• **Data extracted from a collection**
________________________________________
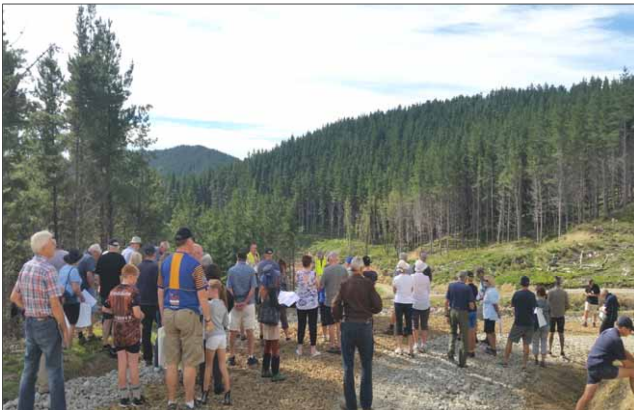
Group of investors standing on the newly formed harvest road, overlooking part of the forest.
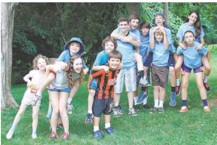
MADEIRA SCHOOLS PHOTO
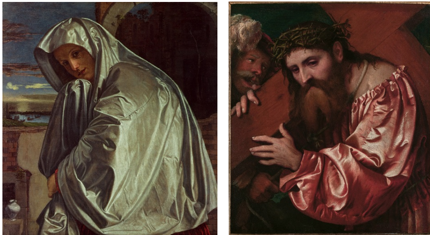
Fig. 17 (left): Giovanni Gerolamo Savoldo, Mary Magdalene , ca. 1527-ca. 1540, National Gallery, London

The half-length figural types seen in the panel by Paolo Veneziano (Fig. 15) continued to be inventively transformed by artists such as Antonello da Messina, Bellini, Giorgione, and Titian into what Sixten Ringbom calls the “dramatic close-up,” where the format of an icon is both enlarged and fused with the verism—both in physical and psychological terms—of a living person, typically Christ. 41 Pardo situates Savoldo’s Magdalene paintings firmly within this tradition. 42 Especially appealing to Mendicant patrons, this artistic development prolongs the late medieval preoccupation with the corporeal appearance of Christ and the Virgin. 43 In the late fifteenth century artists and their patrons further encouraged empathetic mourning by introducing a narrative dimension to complement the half-length figures, who were depicted as turning to confront the viewer. 44 Savoldo adopted this formula by reinventing the Byzantine Lamenting Virgin for his female Magdalenes to achieve a compelling iconic pathos. Paul Joannides has suggested that Savoldo’s Magdalene (perhaps the version in London: Fig. 17) may have been hung by the patron or owner in a manner reminiscent of the images that functioned as models for such a hypothetical diptych; the Averoldi family commissioned Christ the Cross-bearer of 1542 (Brera, Milan) from Romanino of Brescia, whose material luxury competes with that of Savoldo’s veiled women (Fig. 18). 45
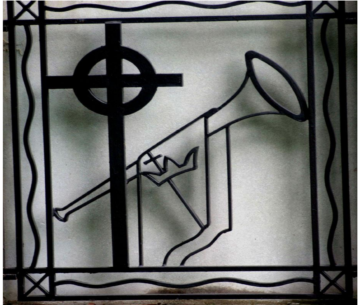
Cross with Trumpet, a project of the Vanderbilt Divinity Library Benton Chapel, Vanderbilt University, Nashville, TN
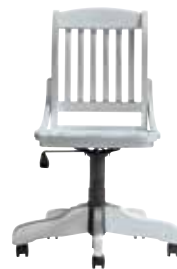
CHR-0071 BAILEY BANKER CHAIR * 17W 19 1/4D 38 1/4H (43 x 49 x 97 cm)
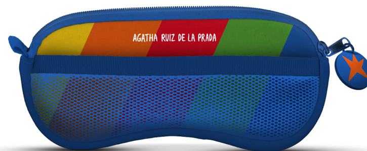
KID CASE ESTANV21
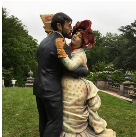
Time for Fun, 2000

Summer is the season of family, friends, food and fun at Old Westbury Gardens.
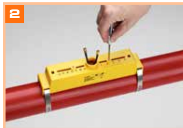
Clamp guide rail and sensor assembly to pipe and release sensor locking screws after adjustment
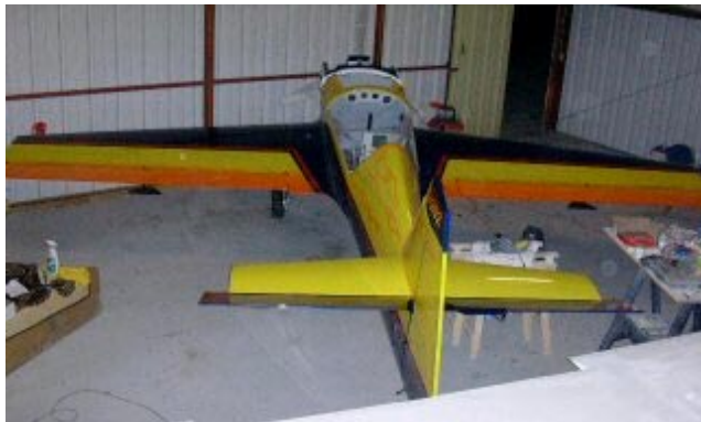
COLD NIGHT IN MOJAVE HANGAR
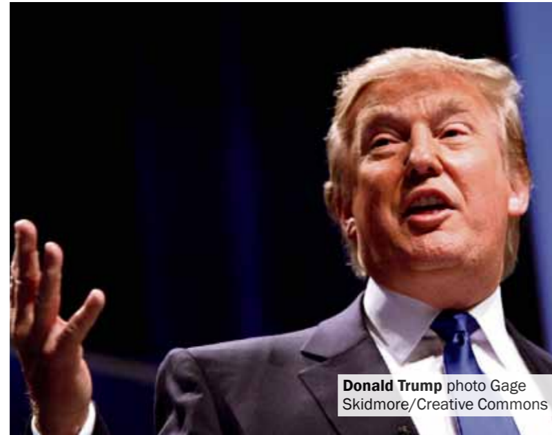
Donald Trump

At the time, the ruling class feared a deeper radicalisation - or even revolution - could take place if they didn't make concessions.
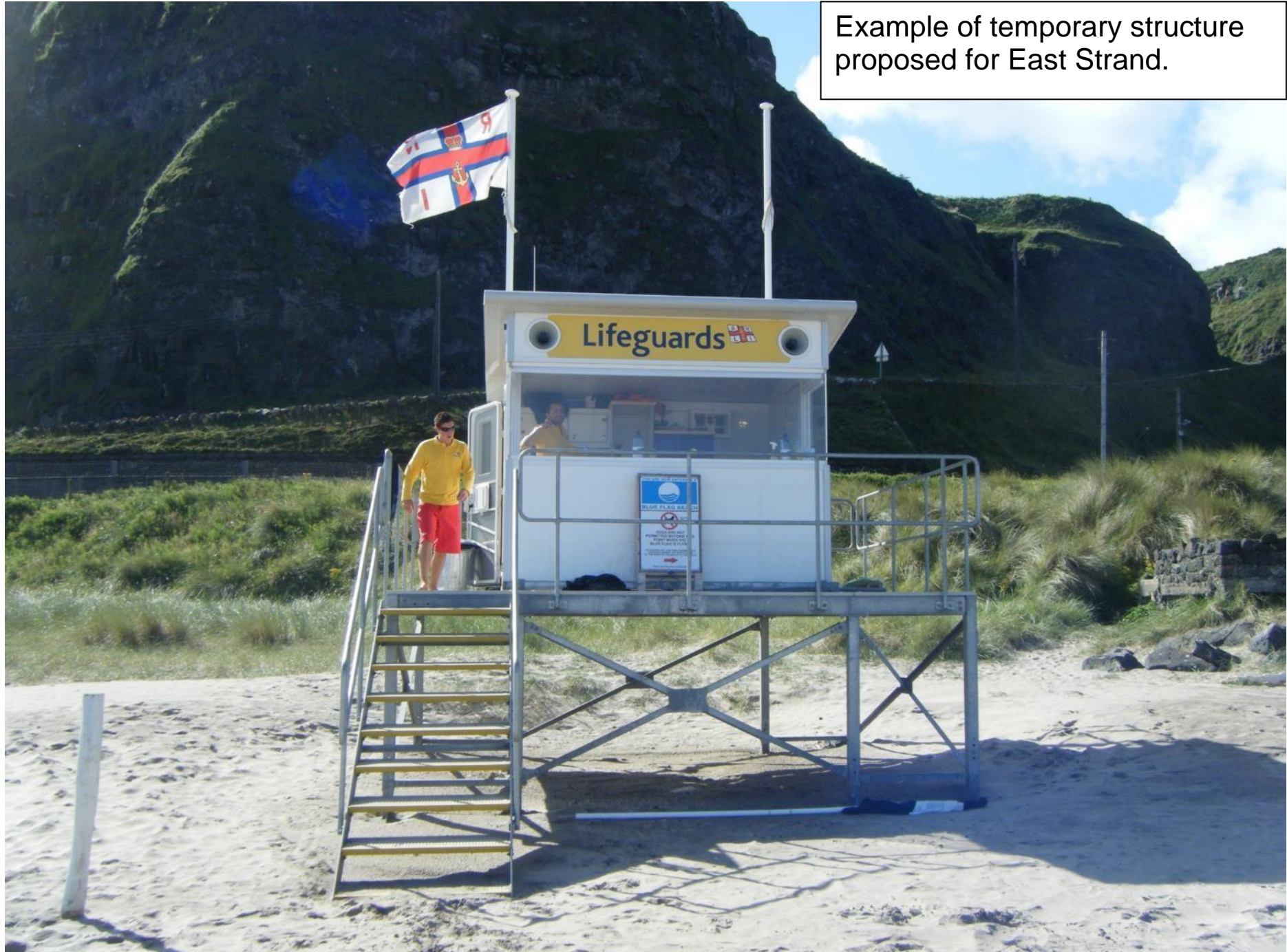
Example of temporary structure proposed for East Strand.
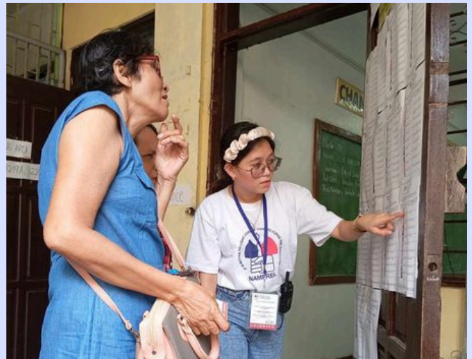
A NAMFREL Volunteer assisting a voter on plebiscite day
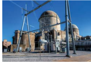
Comanche Peak Nuclear Plant
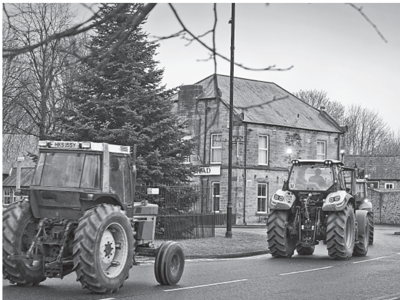
Vintage Tractors processing toward the King's Head at the start of their Boxing Day Run.

1-2 Front Street Lanchester 01207 520331
________________________________________
• **WHAT TO PRODUCE**
Copy out every line in the entries above that holds "with".

• **SOLVED EXERCISE**
The half-length figural types seen in the panel by Paolo Veneziano (Fig. 15) continued to be inventively transformed by artists such as Antonello da Messina, Bellini, Giorgione, and Titian into what Sixten Ringbom calls the “dramatic close-up,” where the format of an icon is both enlarged and fused with the verism—both in physical and psychological terms—of a living person, typically Christ. 41 Pardo situates Savoldo’s Magdalene paintings firmly within this tradition. 42 Especially appealing to Mendicant patrons, this artistic development prolongs the late medieval preoccupation with the corporeal appearance of Christ and the Virgin. 43 In the late fifteenth century artists and their patrons further encouraged empathetic mourning by introducing a narrative dimension to complement the half-length figures, who were depicted as turning to confront the viewer. 44 Savoldo adopted this formula by reinventing the Byzantine Lamenting Virgin for his female Magdalenes to achieve a compelling iconic pathos. Paul Joannides has suggested that Savoldo’s Magdalene (perhaps the version in London: Fig. 17) may have been hung by the patron or owner in a manner reminiscent of the images that functioned as models for such a hypothetical diptych; the Averoldi family commissioned Christ the Cross-bearer of 1542 (Brera, Milan) from Romanino of Brescia, whose material luxury competes with that of Savoldo’s veiled women (Fig. 18). 45
Cross with Trumpet, a project of the Vanderbilt Divinity Library Benton Chapel, Vanderbilt University, Nashville, TN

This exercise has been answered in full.